Dissertation

Beyond excess mortality: the demographic life of a Mayan community after a war of massacres

235 pages. London, London School of Economics and Political Science (2018)

Abstract

This thesis focuses on the demographic consequences of mass killings on local populations. Three empirical studies written as journal articles explore the patterns of mortality and fertility after a series of massacres in the village of Río Negro in Guatemala. The first paper was motived by the dearth of reliable numerical data on massacre-affected populations. It describes the Extended Genealogy Method (EGM), an innovative data collection approach that brings together concepts and methods from various disciplines to reconstruct the demographic history of populations for which no data are available. The EGM was applied to reconstruct the last 40 years of Río Negro’s demographic history producing complete, reliable, and high-quality data suitable for demographic analysis. The second paper focuses on mortality by studying the role of family support and ‘scarring’ effects during and after the Río Negro Massacres, which caused the death of over a third of the village’s population. The article explores four mechanisms driving mortality in the village in the short- and long-term. It presents evidence of the protective effects of networks of family support. It also shows the lingering negative consequences of the massacres on survivors – social and psychological scarring were associated with higher long-term mortality. The third paper focuses on the fertility behaviour of the survivors of the Río Negro Massacres. It discusses potential factors driving fertility after the killings, including age, gender dynamics, social pressure, and scarring effects.
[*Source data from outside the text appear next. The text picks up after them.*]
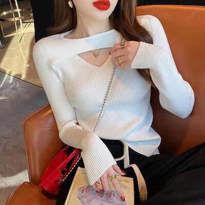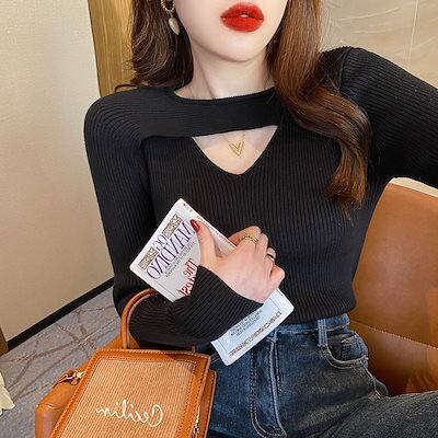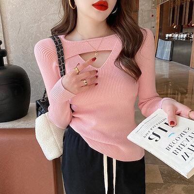 2024秋冬 トップス 長袖 ニット セーターシンプル レディース ショートおしゃれ 春穴あきカラバリカラー肌見せスタイルアップロンT色っぽ 女っぽTシャツカジュアル丈きれいめ大人ファッション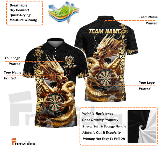 Frenzidea Darts Dragon Golden Attire Personalized Name, Team Name Shirt (4 Colors)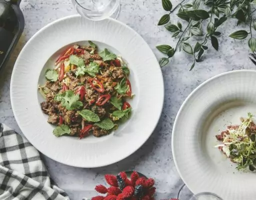 Salater som cæsarsalat og avocadosalat er også på menuen. Til dessert kan gæsterne nyde chokoladekage, gulerodskage, æble/karameltærte eller den klassiske crème brûlée.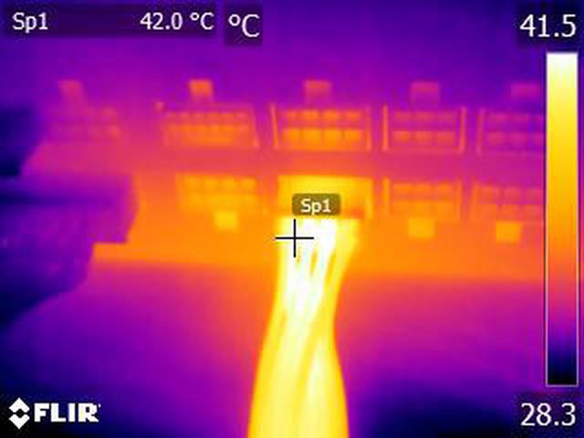 ▼執行FURMARK 30分鐘後顯示卡端插頭的紅外線熱影像圖(附註:安裝位置環境溫度會影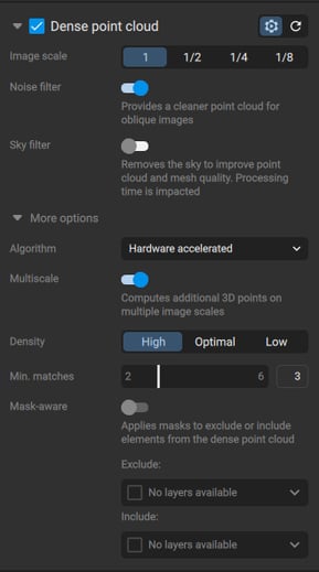 The Dense point cloud step generates a dense point cloud from the images. Besides the default settings, there are two optional selections to make that can directly benefit PIX4Dcatch projects. They are the Noise and Sky filters.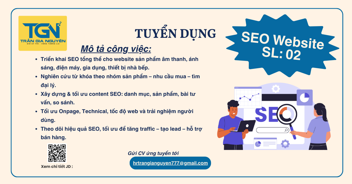 - Ưu tiên ứng viên có kinh nghiệm SEO các ngành: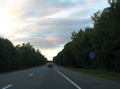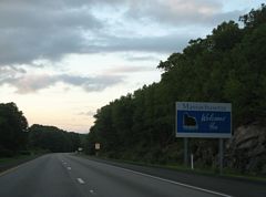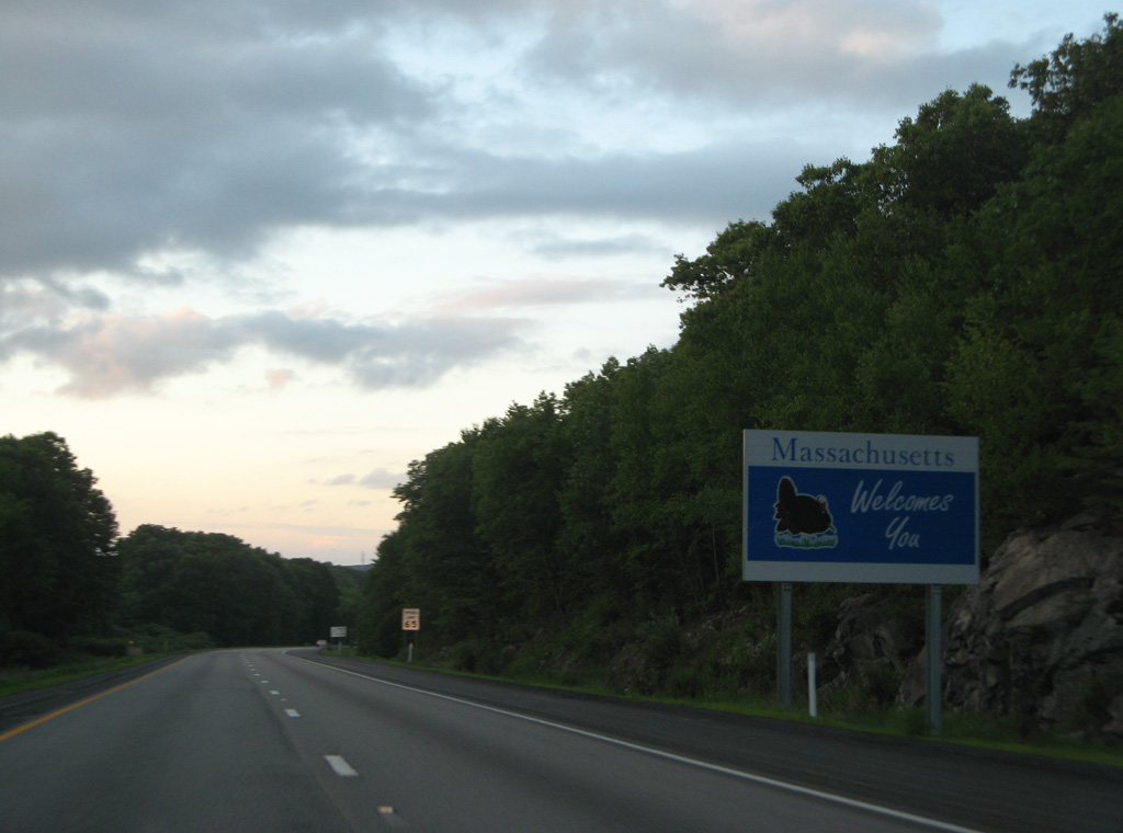 Welcome to Massachusetts sign posted to the immediate north of the state line on I-395 northbound. 01/28/25

The paper finds evidence of a fertility ‘drop and rebound’, with young women and older men having the highest post-killings fertility. Exposure to the killings was associated with lower subsequent fertility (particularly for women) evidencing profound scarring effects. A community-led pronatalist ideology encouraged high fertility amongst survivors of the massacres. This is the first study to explore the demographic consequences of mass killings in detail.